## EXERCISE DETAILS
Transcribe all of the data exactly. Images stay out.

(Stored data entries)
----------------
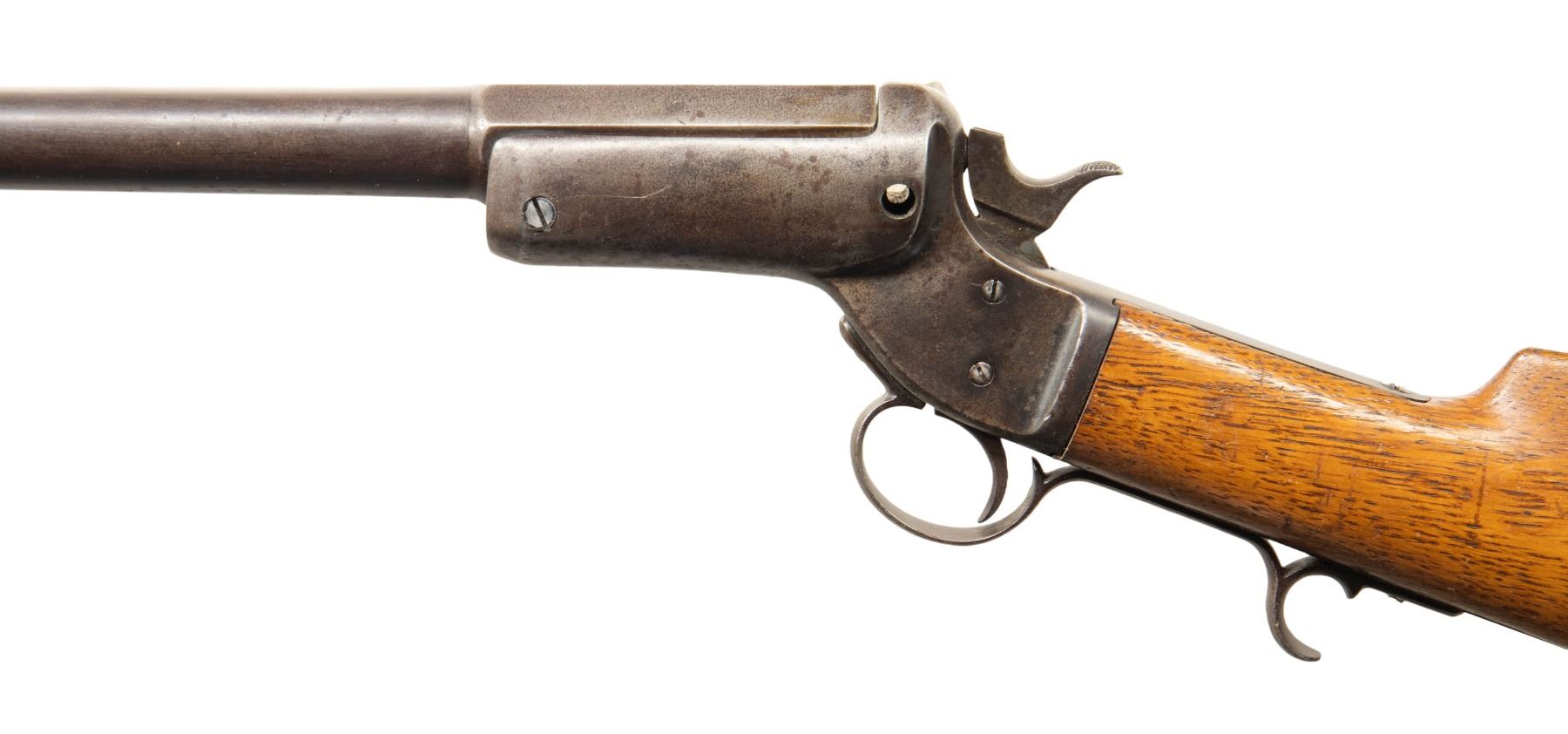 Poor: No original finish, possibly some major parts replaced, loose but functional mechanics, active or heavy external rust, poor bore with heavy pitting and little or no rifling visible.
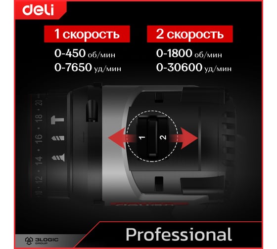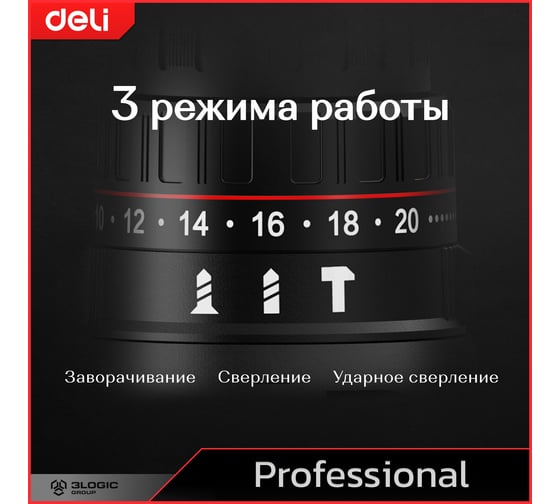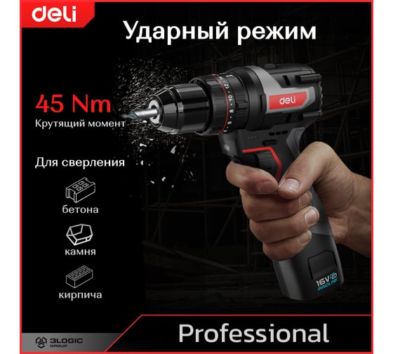 Профессиональный бесщеточный ударный шуруповерт DELI DE-CZ16-1A2 (1 АКБ, 16В х2 Ач + ЗУ, 45Нм, сумка) 168689
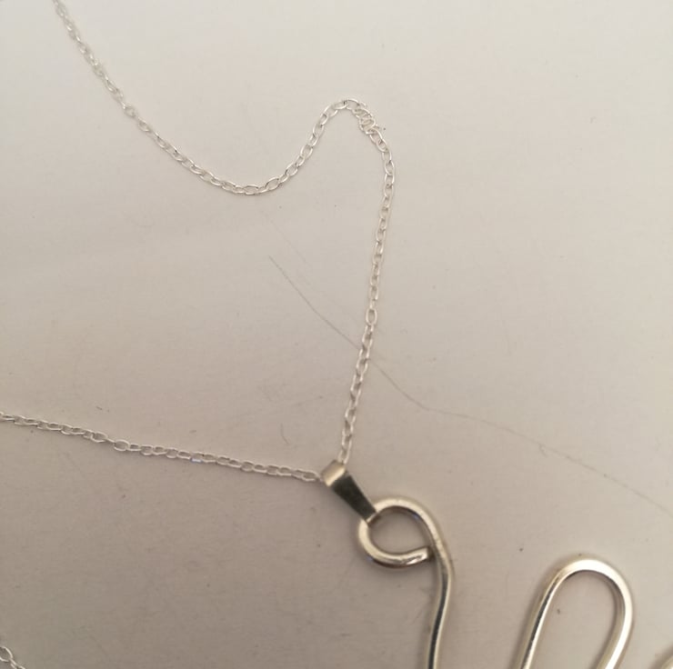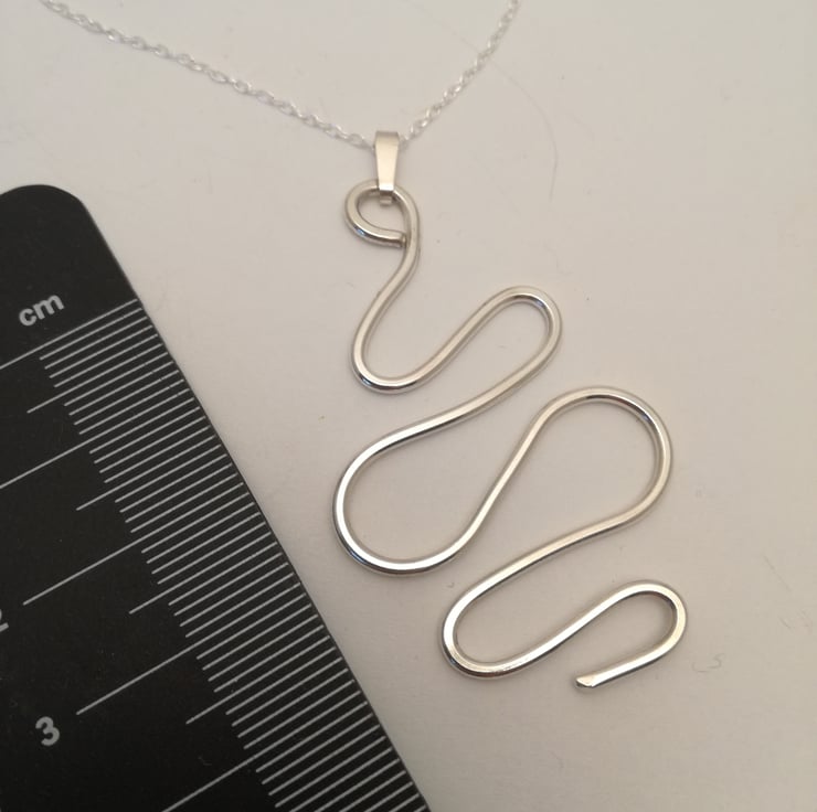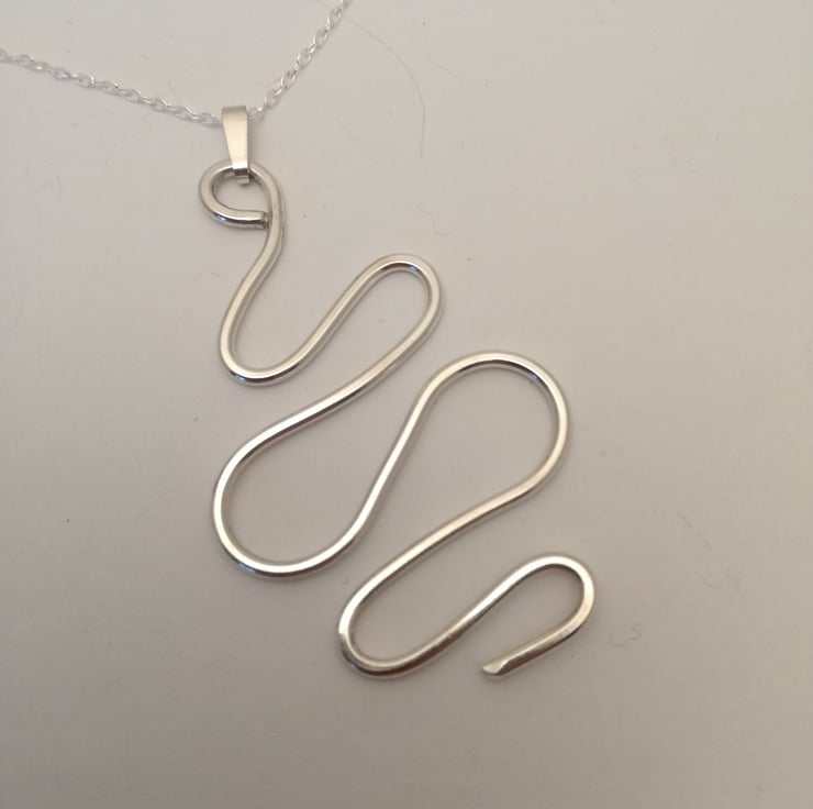 I was having fun playing with different angles and shapes in sterling silver wire and ended up with this wavy pendant. The waves increase and decrease in width giving a relaxed, flowing feel to the piece. It hangs on a beautiful, solid silver chain which enhances the simplicity of the waveform. There are matching earrings sold separately.
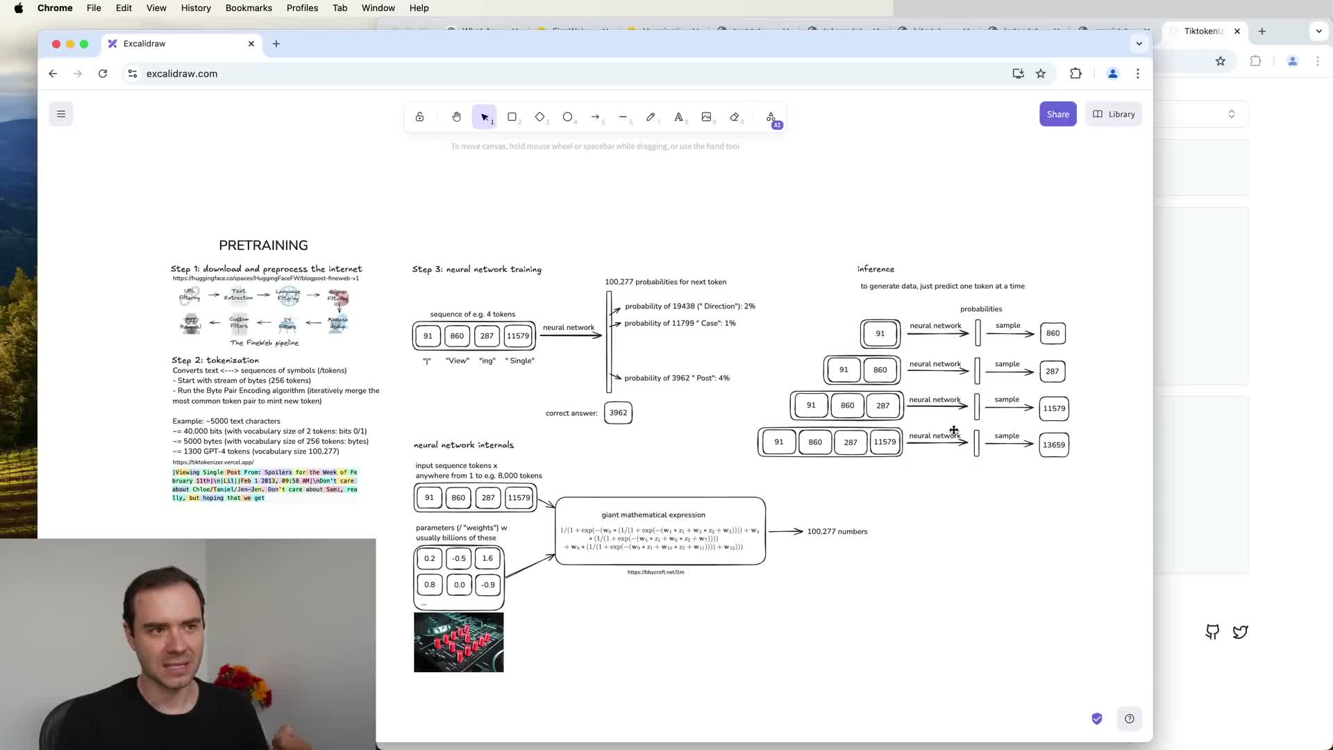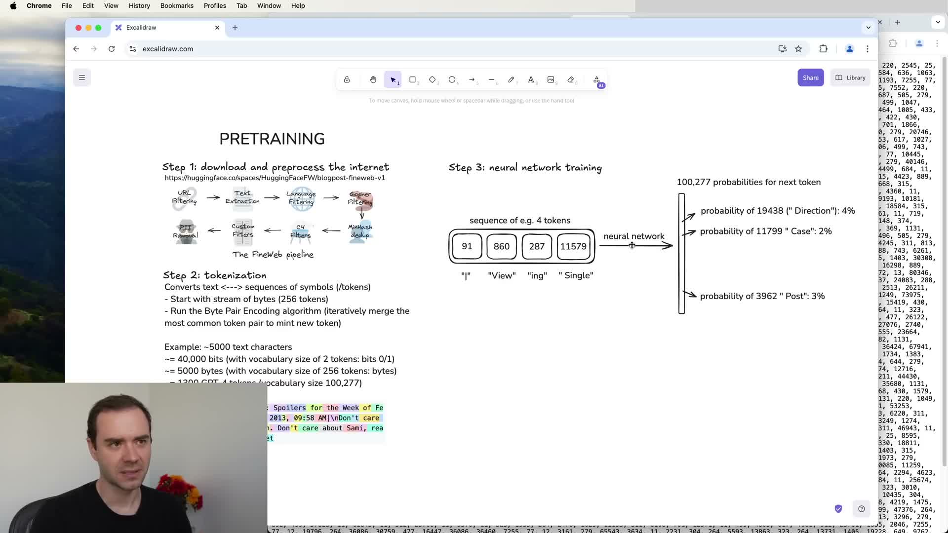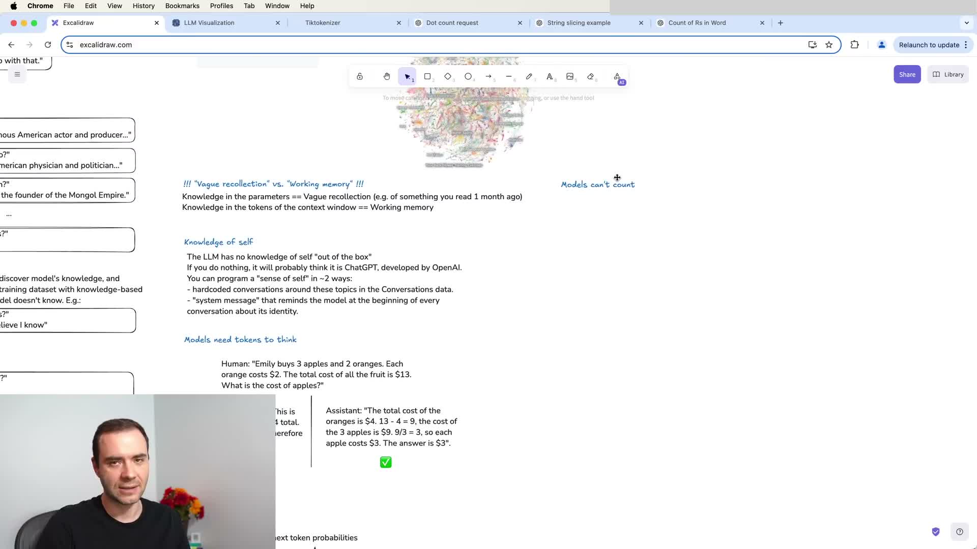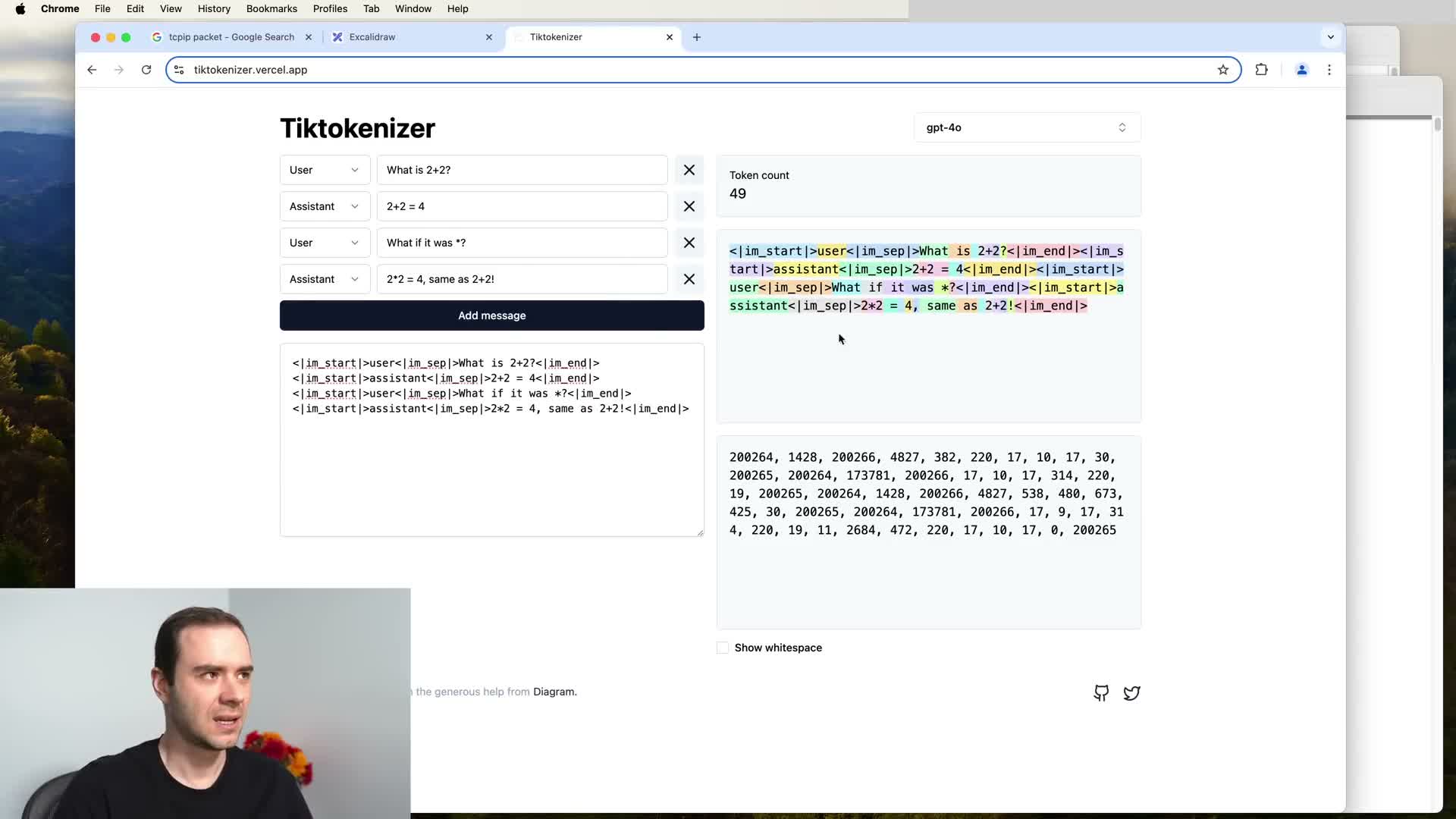 This segment demonstrates tokenization in practice using an online tokenizer viewer and explains scaling implications.
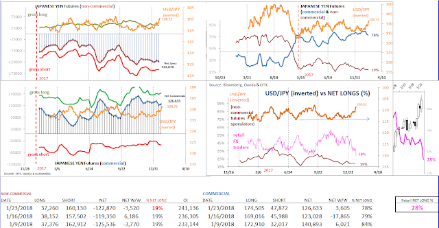 Meanwhile, the retail population which had been selling JPY since the start of 2018, accelerated their bearishness last week to reach a new low in yen optimism. This suggests that there's plenty of room for speculators to buy, given less than 20% of the total (non-commercial) contracts outstanding are long.
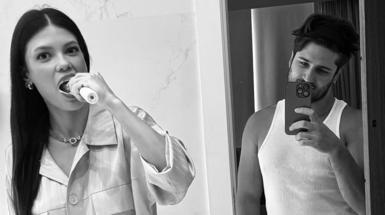 Depois do almoço, Vitória Strada observa sua barriga no espelho quando Diogo Almeida pergunta à sister: "Você vai querer engravidar?".
----------------
## EXERCISE RESPONSE
 Poor: No original finish, possibly some major parts replaced, loose but functional mechanics, active or heavy external rust, poor bore with heavy pitting and little or no rifling visible.
 Профессиональный бесщеточный ударный шуруповерт DELI DE-CZ16-1A2 (1 АКБ, 16В х2 Ач + ЗУ, 45Нм, сумка) 168689
 I was having fun playing with different angles and shapes in sterling silver wire and ended up with this wavy pendant. The waves increase and decrease in width giving a relaxed, flowing feel to the piece. It hangs on a beautiful, solid silver chain which enhances the simplicity of the waveform. There are matching earrings sold separately.
 This segment demonstrates tokenization in practice using an online tokenizer viewer and explains scaling implications.
 Meanwhile, the retail population which had been selling JPY since the start of 2018, accelerated their bearishness last week to reach a new low in yen optimism. This suggests that there's plenty of room for speculators to buy, given less than 20% of the total (non-commercial) contracts outstanding are long.
 Depois do almoço, Vitória Strada observa sua barriga no espelho quando Diogo Almeida pergunta à sister: "Você vai querer engravidar?".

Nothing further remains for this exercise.